----- Records to use -----

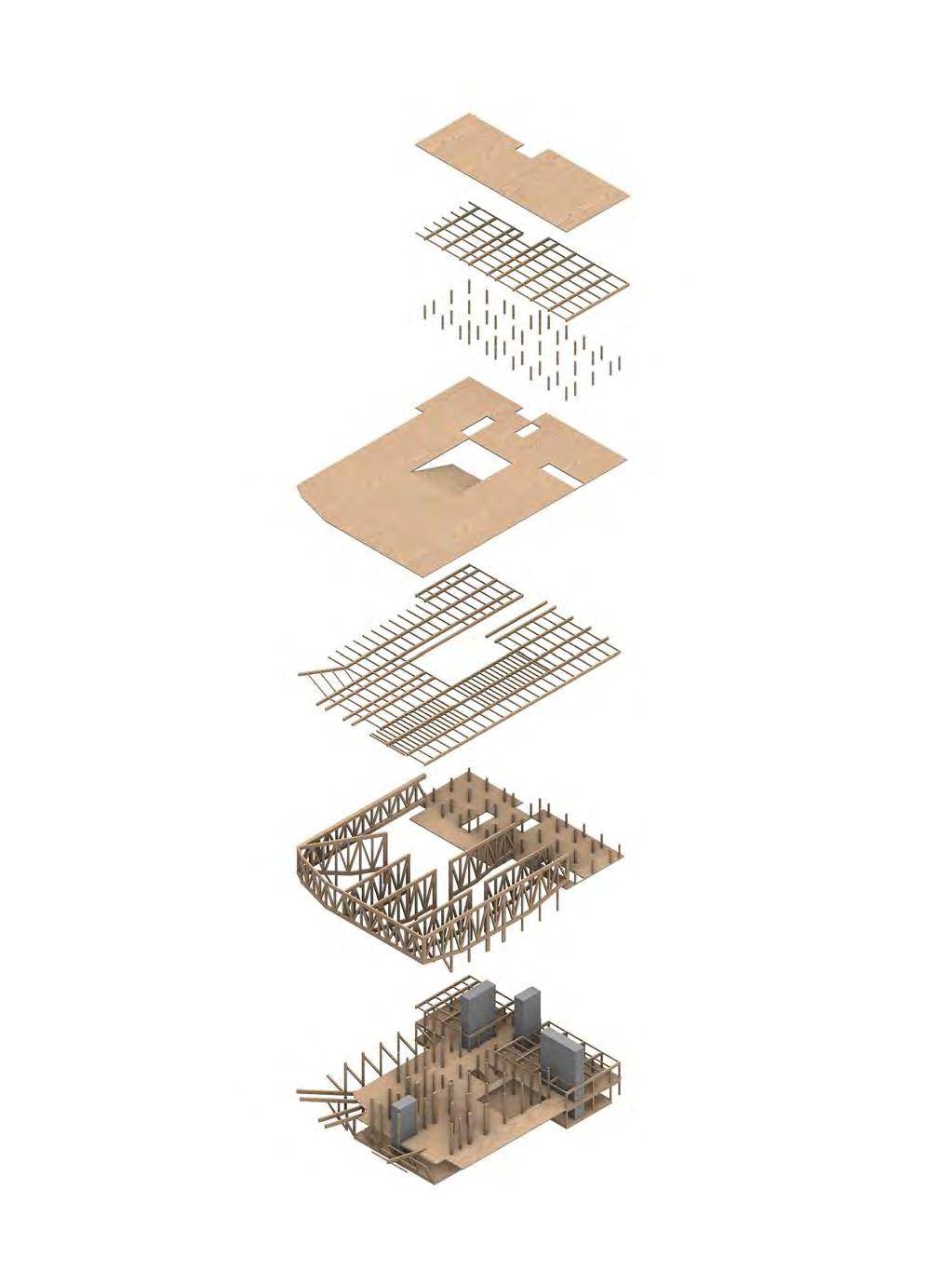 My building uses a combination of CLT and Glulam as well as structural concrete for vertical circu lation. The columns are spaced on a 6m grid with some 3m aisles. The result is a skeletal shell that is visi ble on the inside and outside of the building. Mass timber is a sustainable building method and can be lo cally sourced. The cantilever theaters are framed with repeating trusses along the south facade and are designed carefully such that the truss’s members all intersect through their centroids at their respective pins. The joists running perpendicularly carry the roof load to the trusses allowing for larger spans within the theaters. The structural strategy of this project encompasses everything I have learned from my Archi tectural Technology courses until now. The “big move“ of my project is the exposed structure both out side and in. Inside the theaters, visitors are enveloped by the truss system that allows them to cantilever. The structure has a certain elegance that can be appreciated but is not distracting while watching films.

-----
----- Records to use -----

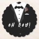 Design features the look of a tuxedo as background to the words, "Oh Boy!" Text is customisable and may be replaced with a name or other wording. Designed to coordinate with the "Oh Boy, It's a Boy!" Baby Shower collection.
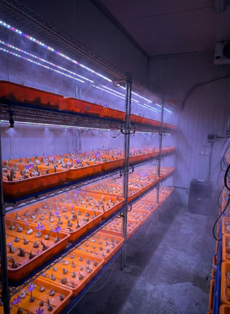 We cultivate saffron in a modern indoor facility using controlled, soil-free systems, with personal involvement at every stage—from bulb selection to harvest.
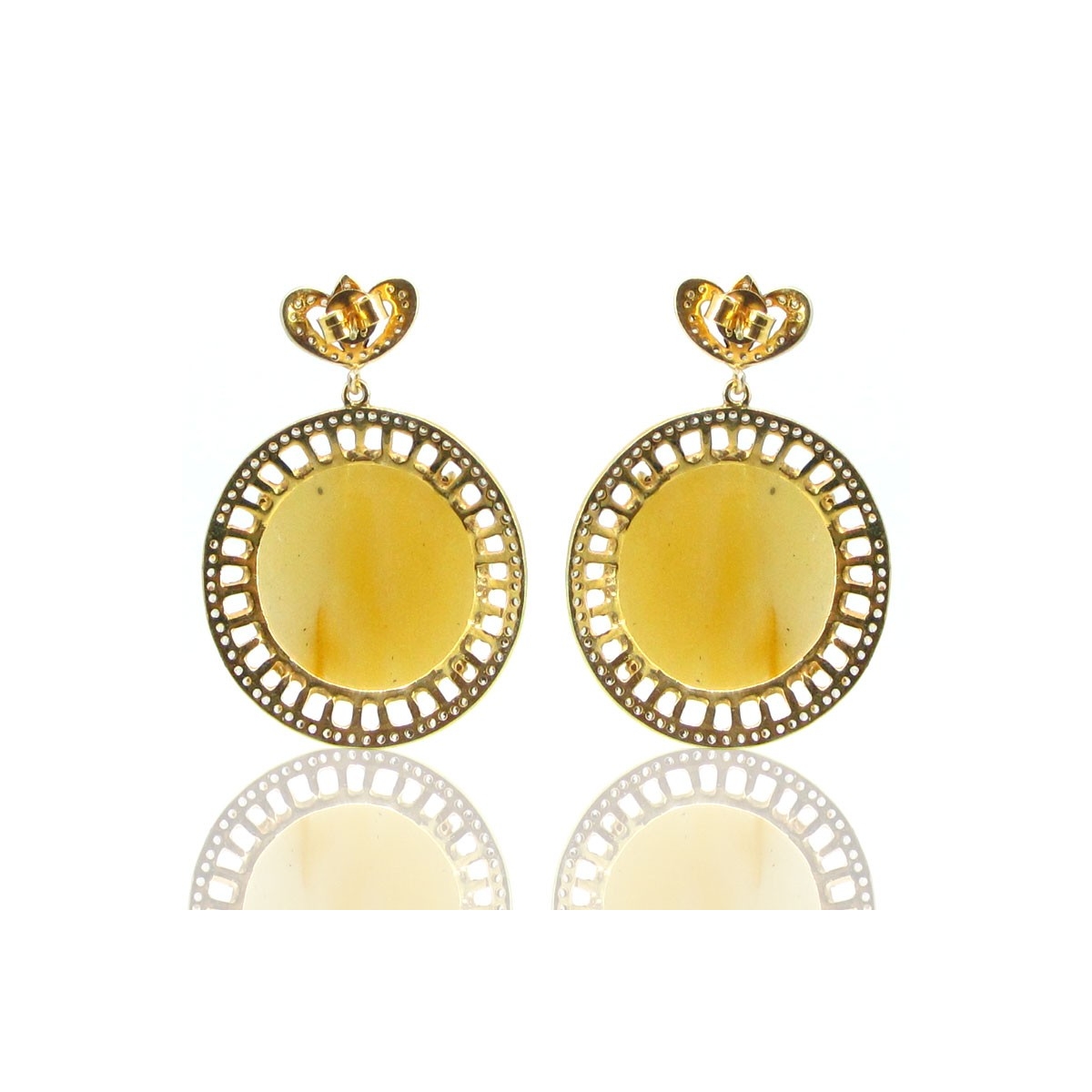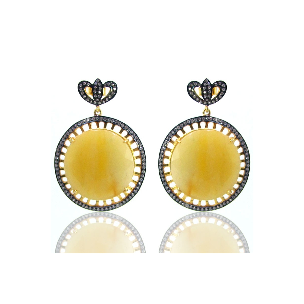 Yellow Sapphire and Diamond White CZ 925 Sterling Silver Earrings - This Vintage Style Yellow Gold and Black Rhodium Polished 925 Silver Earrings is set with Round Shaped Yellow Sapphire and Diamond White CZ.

-----

Only the lines of the listing above from the one with "We cultivate saffron" through the one with "Yellow Sapphire and Diamond White CZ 925" should be output, exactly, with both ends kept and pictures left out.

 We cultivate saffron in a modern indoor facility using controlled, soil-free systems, with personal involvement at every stage—from bulb selection to harvest.
 Yellow Sapphire and Diamond White CZ 925 Sterling Silver Earrings - This Vintage Style Yellow Gold and Black Rhodium Polished 925 Silver Earrings is set with Round Shaped Yellow Sapphire and Diamond White CZ.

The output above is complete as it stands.